**Requirement**
The listing is to be returned word for word, without its images.

**Dataset excerpt**
----

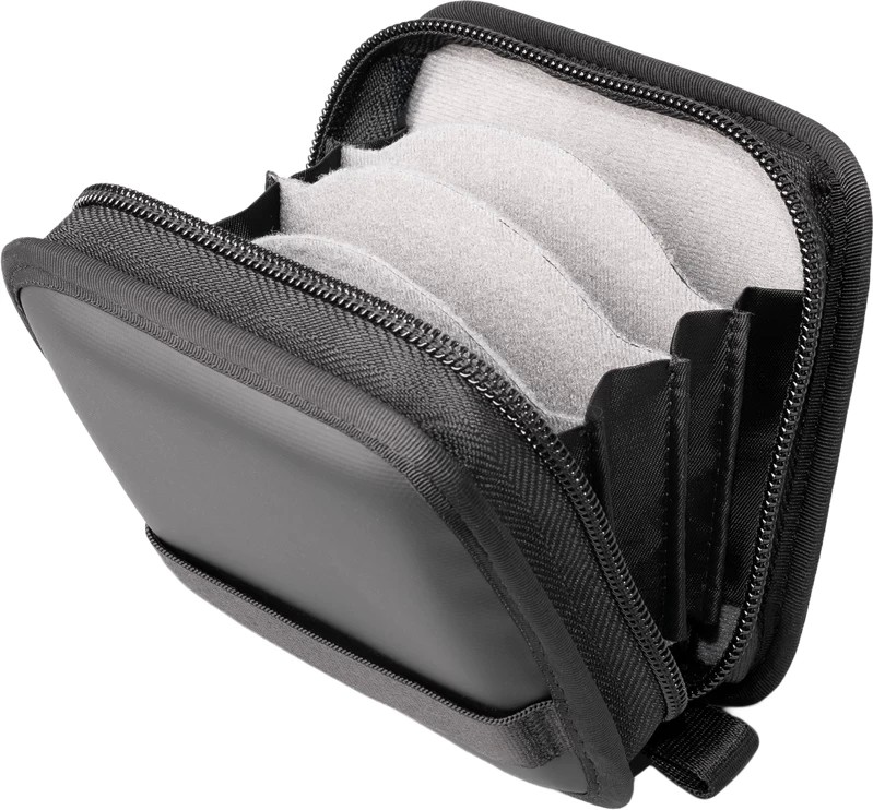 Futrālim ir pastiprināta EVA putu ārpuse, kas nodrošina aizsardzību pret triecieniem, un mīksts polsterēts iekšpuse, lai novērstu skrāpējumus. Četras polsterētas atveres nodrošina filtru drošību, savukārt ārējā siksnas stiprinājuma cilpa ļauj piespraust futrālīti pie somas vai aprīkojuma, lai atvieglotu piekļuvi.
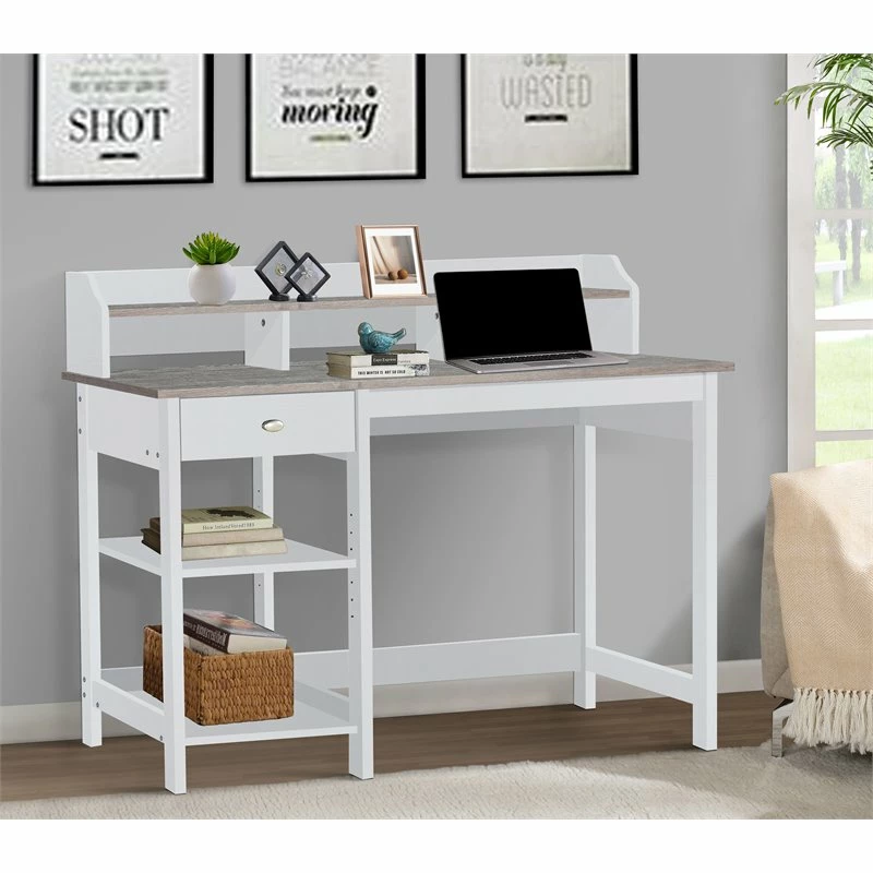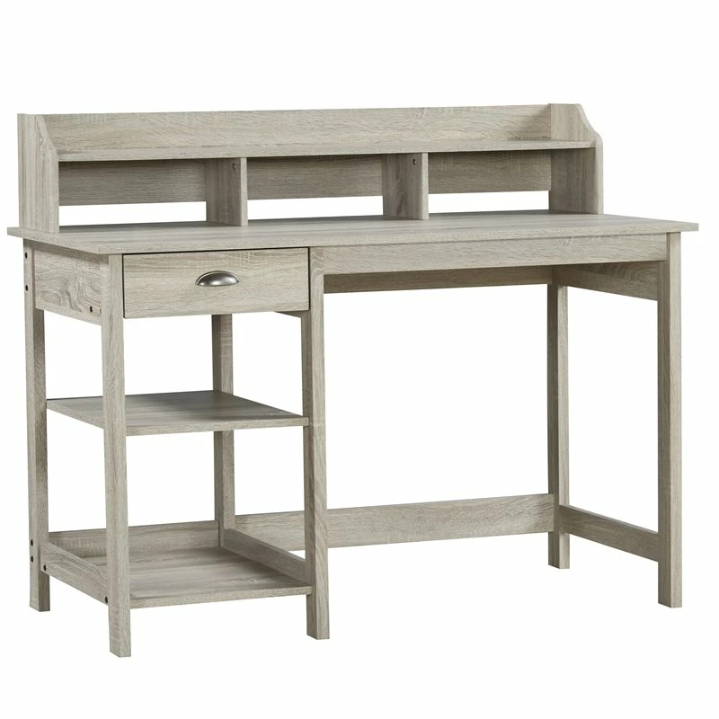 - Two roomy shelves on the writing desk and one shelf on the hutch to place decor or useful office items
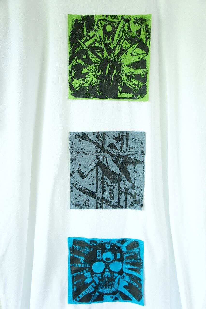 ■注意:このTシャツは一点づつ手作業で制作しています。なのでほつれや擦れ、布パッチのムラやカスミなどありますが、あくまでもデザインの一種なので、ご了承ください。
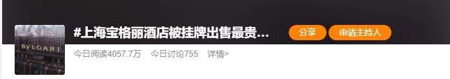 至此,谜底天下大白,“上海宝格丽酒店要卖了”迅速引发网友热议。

----

**Exercise solution**
 Futrālim ir pastiprināta EVA putu ārpuse, kas nodrošina aizsardzību pret triecieniem, un mīksts polsterēts iekšpuse, lai novērstu skrāpējumus. Četras polsterētas atveres nodrošina filtru drošību, savukārt ārējā siksnas stiprinājuma cilpa ļauj piespraust futrālīti pie somas vai aprīkojuma, lai atvieglotu piekļuvi.
 - Two roomy shelves on the writing desk and one shelf on the hutch to place decor or useful office items
 ■注意:このTシャツは一点づつ手作業で制作しています。なのでほつれや擦れ、布パッチのムラやカスミなどありますが、あくまでもデザインの一種なので、ご了承ください。
 至此,谜底天下大白,“上海宝格丽酒店要卖了”迅速引发网友热议。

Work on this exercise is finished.